Richard T. Carson is a distinguished professor in and former chair of the Department of Economics at the University of California San Diego Division of Social Sciences. Carson served as president of the Association of Environmental and Resource Economists (AERE). He is an elected Fellow of AERE and of the Agricultural and Applied Economics Association. Carson previously served as research director for International Environmental Policy at the University of California’s Institute on Global Conflict and Cooperation and as a senior fellow at the San Diego Supercomputer Center.
Carson received a Ph.D. in resource economics and M.A. in statistics from the University of California, Berkeley and an M.A. in international relations from George Washington University. He has extensive experience in assessing the benefits and costs of environmental policies. His specialty is valuing non-marketed goods and new commercial products using a wide array of techniques, and estimated the benefits of the U.S. Clean Water Act, removing low-level carcinogens from drinking water, protecting groundwater aquifers, economic impacts associated with fisheries management practices and health and visibility improvements due to air quality changes.

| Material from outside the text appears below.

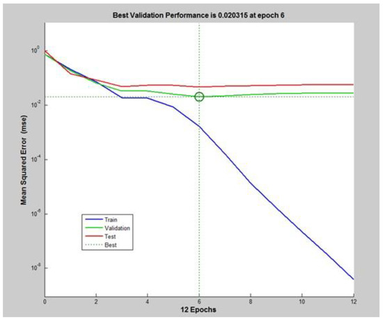 From Figure 11, Figure 12 and Figure 13, we can draw a conclusion that the optimized cluster has been well-recognized, which achieves the seven parameters that have been set to optimize the proposed model using the SOM. Figure 14 demonstrates the training, testing, and validation performance of the proposed AI framework. The obtained results show that the NN fits well for three reasons. First, the final MSE is small; second, the test set error and the validation set error have similar characteristics; third, no significant overfitting occurred in iteration 6, before which the best validation performance occurred. To note, the axes of Figure 11, Figure 12 and Figure 13 are the proportional scale of the SOM sample’s plot using the GUI toolbox in MATLAB.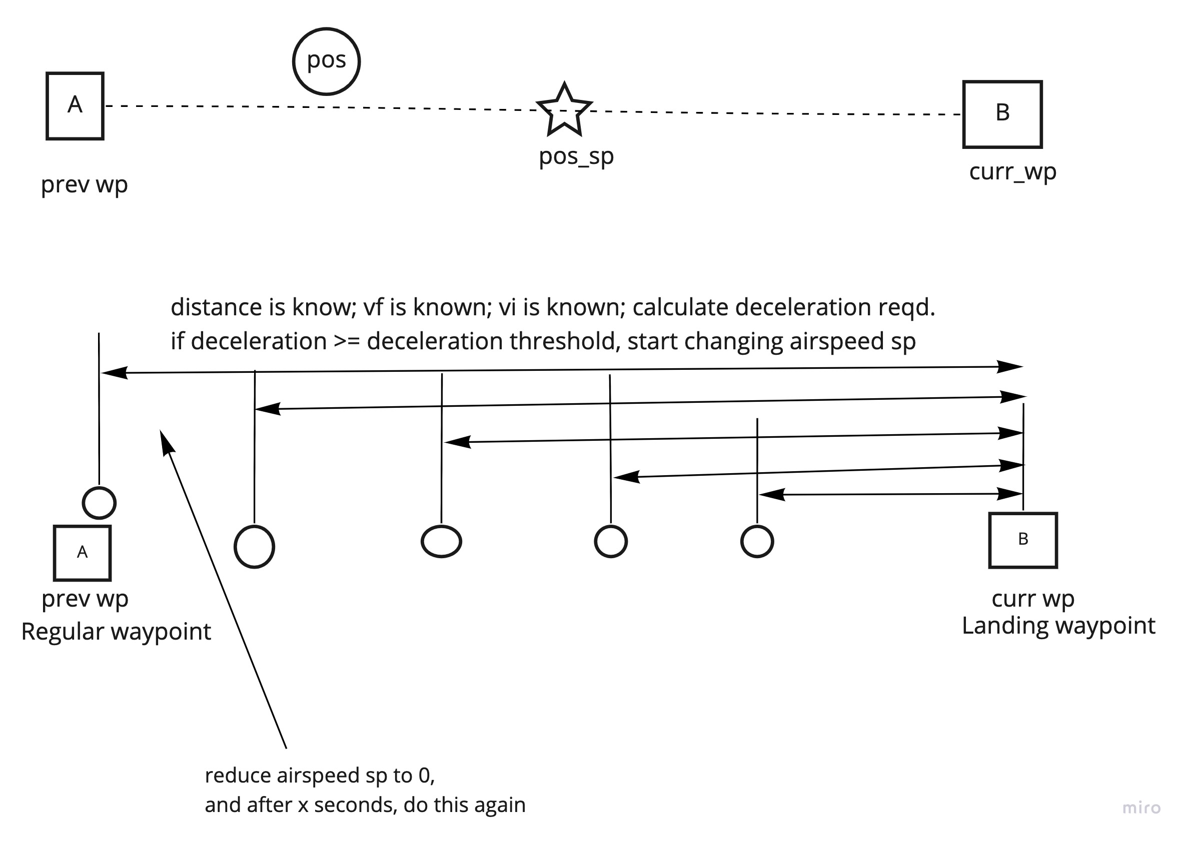 First, we focused on the slow down maneuver. Since the plane can’t slow down past 13 m/s without stalling in fixed-wing mode, that was our target speed. Once the plane’s navigation set-point was in range of the landing waypoint, the plane would pitch up immediately. This would force the plane to stall and lose the majority of its speed and go into VTOL mode. Pitching up would result in a change in altitude within ±5 meters and slow the plane to a stop.

In other studies, he has examined the benefits of visibility improvements in the Grand Canyon, preventing residential water shortages in California cities, restoring Everglades National Park, and the addition of the Kakadu Conservation Zone to Kakadu National Park in Australia. He served as principal investigator on the economic damage assessments for the Exxon Valdez oil spill for the State of Alaska, and large scale DDT and PCB contamination off the Los Angeles coast for the National Oceanic and Atmospheric Administration.
Carson’s recent work on forecasting Chinese carbon dioxide emissions received international attention. His econometric research has focused on experimental and sampling designs, computer intensive and robust statistical techniques, discrete choice models and forecasting.